Acerca das principais formas e mecanismos estratégicos de luta e resistência
podemos elencar: a) Ocupação: o critério relevante é a definição do local. Segundo
MORISSAWA (p. 199) “[...] os sem-terra entenderam que a ocupação é sua forma de luta
mais importante. De modo geral, é a partir de sua efetivação que as demais formas de luta
são utilizadas”; b)Acampamento permanente: quando a justiça sentencia o despejo,
ordinariamente com reintegração de posse, os sem-terra retiram-sedo local e se instalam
em área próxima; c) Marcha pelas rodovias: possui como escopo acionar a atenção da
população para as reivindicações dos sem-terra; d) Jejuns e greves de fome: são utilizados
nas situações em que o grupo perdura na frente de alguma instituição ou órgão público; e)
ocupação de prédios públicos: o prédio alvo da ocupação é aquele responsável por
responder as demandas das reivindicações específicas; f) Vigílias: são manifestações que
compreendem um lapso temporal menor, no entanto, de modo contínuo, mantendo-se dia e
noite; g) Manifestações nas grandes cidades: são realizadas manifestações e passeatas nas
grandes cidades, no intuito de evidenciar para a população suas demandas.
O MST construiu ao longo da sua atuação distintos símbolos que possuem como
objetivo representar o seu ideário, a título de exemplo, o hino e a bandeira. Elementos estes
utilizados nas manifestações, bem como nas demais formas de luta e resistência. Os
referidos aspectos constituem a mística, que segundo Stédile e Mançano (2012, p. 132)

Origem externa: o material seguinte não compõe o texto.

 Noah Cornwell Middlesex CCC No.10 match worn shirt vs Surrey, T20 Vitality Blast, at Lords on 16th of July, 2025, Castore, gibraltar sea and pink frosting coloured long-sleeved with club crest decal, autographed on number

significa: [...] a mística é uma prática que o movimento desenvolve. De certa forma, é seu alimento ideológico, de esperança, de solidariedade. A mística, para o MST, é um ritual. Ela tem um caráter histórico, de esperança, de celebração permanente. [...] a mística só tem sentido se faz parte da tua vida. Queremos que esse sentimento aflore em direção a um ideal, que não seja apenas um obrigação.

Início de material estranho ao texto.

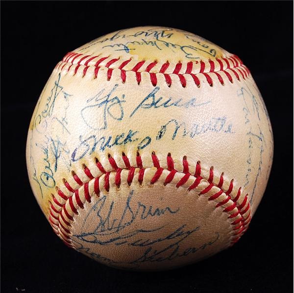 The 1956 New York Yankees were World Series champs by virtue of their seven game win over the Brooklyn Dodgers. This team signed (26) OAL (Harridge) ball is signed on the sweetspot by HOFers Yogi Berra and Mickey Mantle. It is also signed by Phil Rizzuto, Elston Howard, Billy Martin, Whitey Ford, Norm Siebern and Don Larsen. Interestingly, Larsen pitched his perfect game in the 1956 Series game 5. Signatures average an 8. Ball is cream colored with some toning under the light shellacked finish.
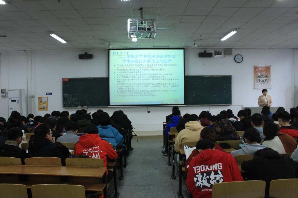 会上,李翠新老师通过讲解《英国365集团官网考核违规处理办法》及考试注意事项、强调考试违规的严重后果,教导同学们要努力学习,认真复习,遵守考试纪律,杜绝考试违纪作弊现象的发生,诚信应考。李老师还对假期及下学期开学、补考、重修等几项工作进行了布置和安排。彭兴明老师结合学生中较为突出和容易忽略的安全隐患,着重强调了增强安全防范意识,注意防火防盗防骗,自觉保障个人的人身及财物安全。
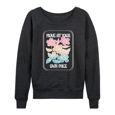 Women's Instant Message Aw Sh Tarot Lightweight French Terry Wide Neck Long Sleeve Graphic Shirt - Heather Charcoal - Small
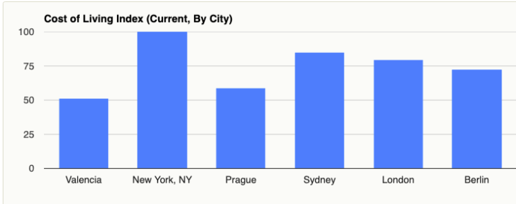 When comparing Valencia to other places it is also considerably cheaper but New York is the biggie. If the cost of living is set to 100 there then Valencia is exactly half as expensive on day to day costs when considering what your earnings buy you. As stated in Numbeo:
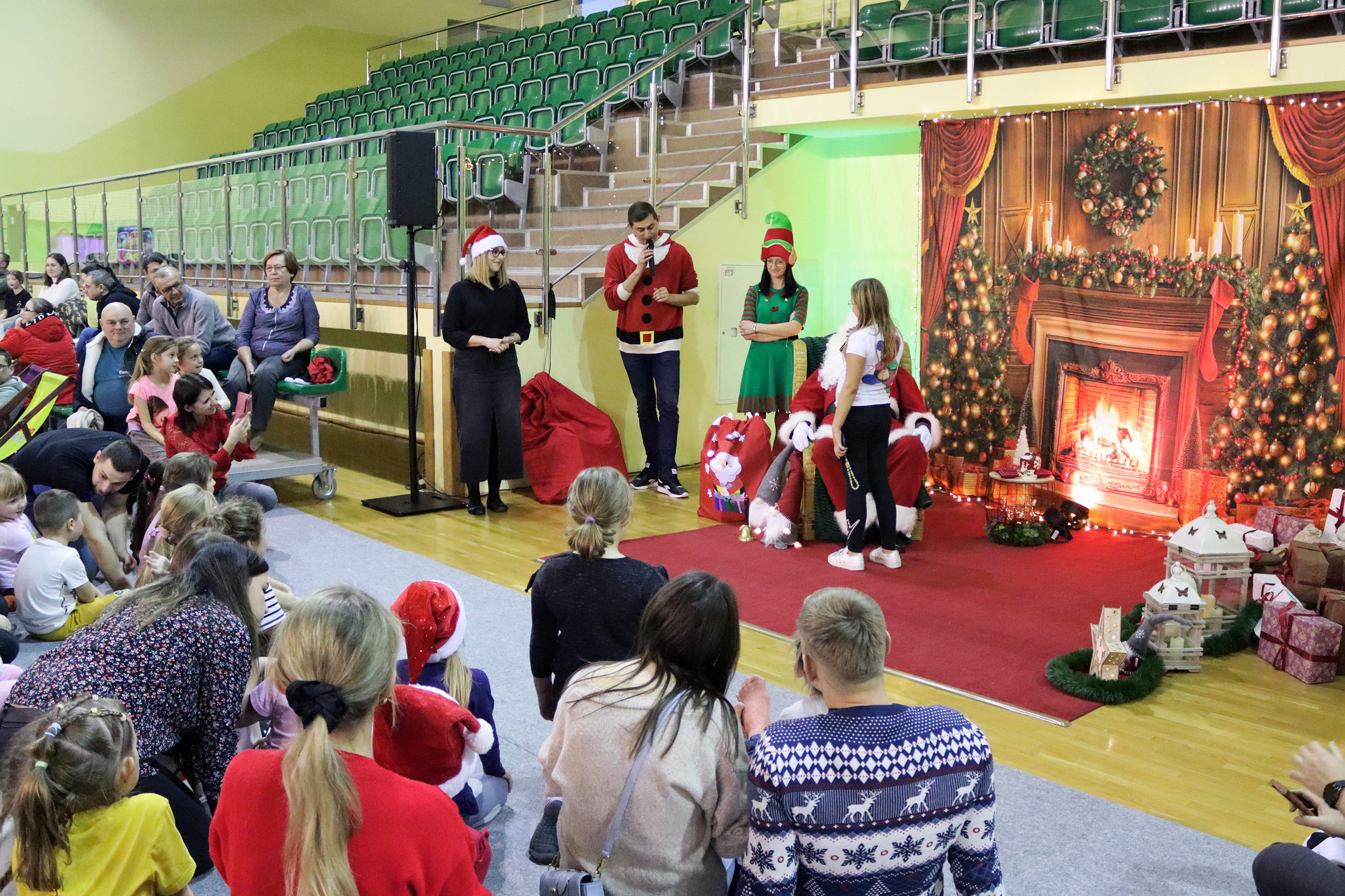 Szczególnym momentem było pojawienie się Świętego Mikołaja, który wręczał dzieciom prezenty, wprowadzając wszystkich w magiczną atmosferę świąt.

Destarte, o MST apresenta uma história de inúmeras campanhas, jornadas de
lutas, marchas e gritos, sendo considerado um dos maiores e mais significativos movimento
de representação dos trabalhadores (as) camponeses. Assim, para além de uma
representação, prima pelos direitos historicamente conquistados da classe “que vive do
trabalho” no âmbito rural, e como horizonte uma transformação do modo em que a
sociedade está organizada. Evidenciando que “as lutas pela terra e pela reforma agrária
são, antes de tudo, a luta contra o capital e sua estratégia de apropriação do território”.
(MIRANDA, 2003, p. 74)
3 CONCLUSÃO
Isto exposto, podemos inferir que, é nesta esfera de embates na busca pelo
direito à terra e por direitos humanos em sua complexidade, que o MST se insere, a partir de
estratégias de luta no contexto em que há um processo de acirramento da questão agrária.

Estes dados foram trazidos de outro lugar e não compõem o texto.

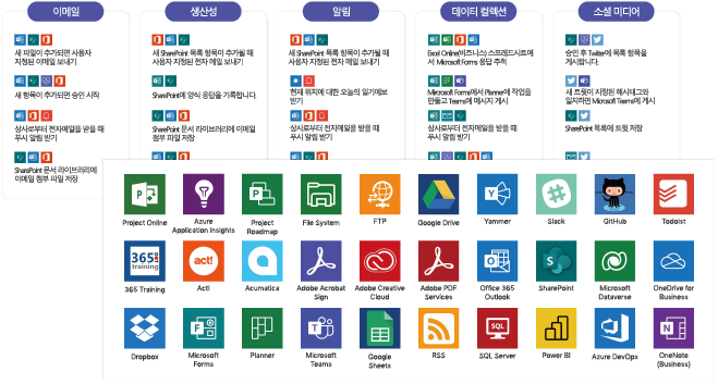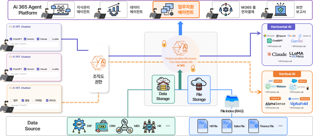 Ai 365 Agent Platform을 통하여 사용자는 지식관리 에이전트, 데이터 에이전트, 업무지원 에이전트 그리고 M365홈 및 보안보고서를 단일 업무 플랫폼을 통해 사용을 할 수 있으며, 필요시 산업군 업무 확장을 위해 마이크로소프트, 구글, 또는 전문 산업군 API를 업무에 추가 사용 할 수 있습니다.
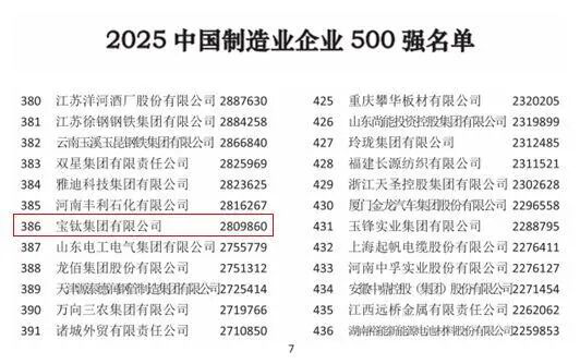 寶鈦集團(tuán)首次榮登“中國(guó)制造業(yè)企業(yè)500強(qiáng)”
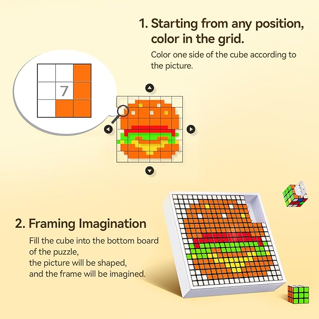 クリエイティブパズル:自分でパターンを選んだり作ったりして、写真の位置に合わせてルービックキューブを色付けします。パズルを解くことで子供や大人の創造力、空間感覚、記憶力を向上させます。ルービックキューブを吊り穴とテーブルトップスタンド付きの正方形ボードに入れてパズルを完成させます。
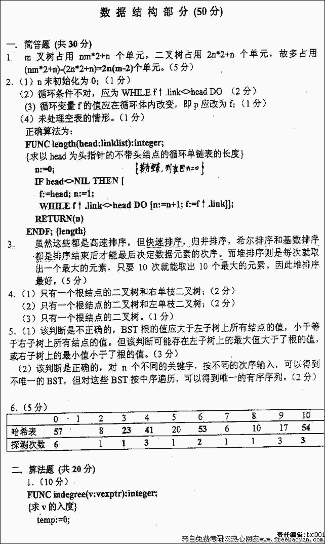 相关话题/电子科技大学 考研真题 数据结构
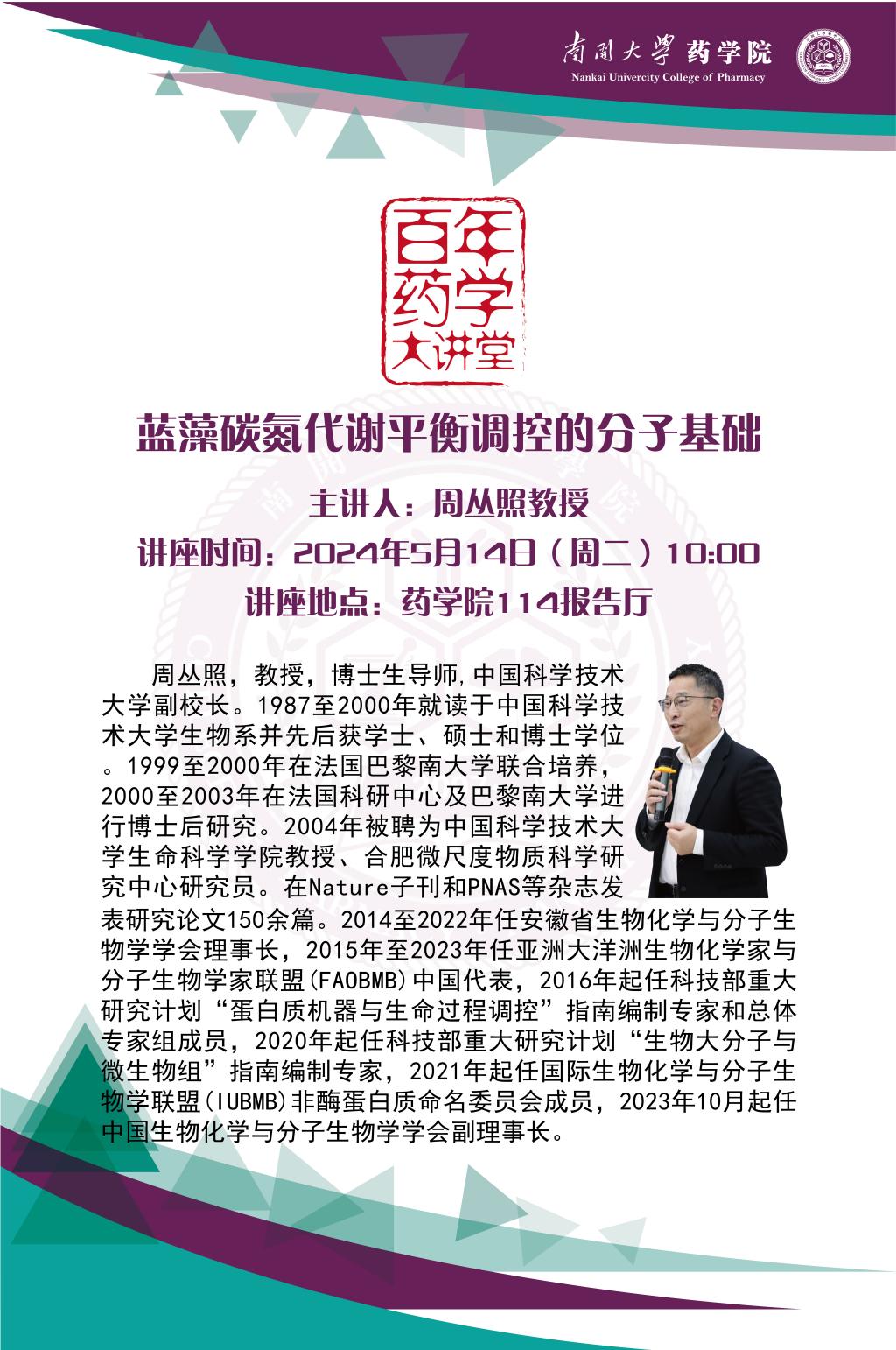百年药学大讲堂——周丛照教授学术报告2024/05/10

E, por sua vez, assinalando o campo enquanto um espaço de conflitos de classes. Nesse
enredo temos a importância do MST para as lutas sociais dos trabalhadores do campo, visto
que emerge como notável movimento social e político do Brasil na contemporaneidade,
engendrando a renovação da luta dos trabalhadores camponeses.
A partir da ótica das estratégias, articulações de luta e forma de organização do
MST imersas numa correlação de forças, consideramos que o cenário explana a
necessidade de resistência, onde há carências que são alvos de lutas históricas, num
processo de intensa insistência,considerando que a pobreza e a exploração não podem ser
compreendidas como oriundas de ordens naturais, mas dos modos de produção, e por
consequência das divergências nas articulações de forças existentes ao longo da dinâmica
histórico-social.
Desse modo, destacamos o caráter inacabado deste trabalho, e das inquietações
sobre os elementos levantados, a fim de possibilitar problematizações para debates e
sistematizações futuras acerca da complexidade vigente entre as categorias manifestadas.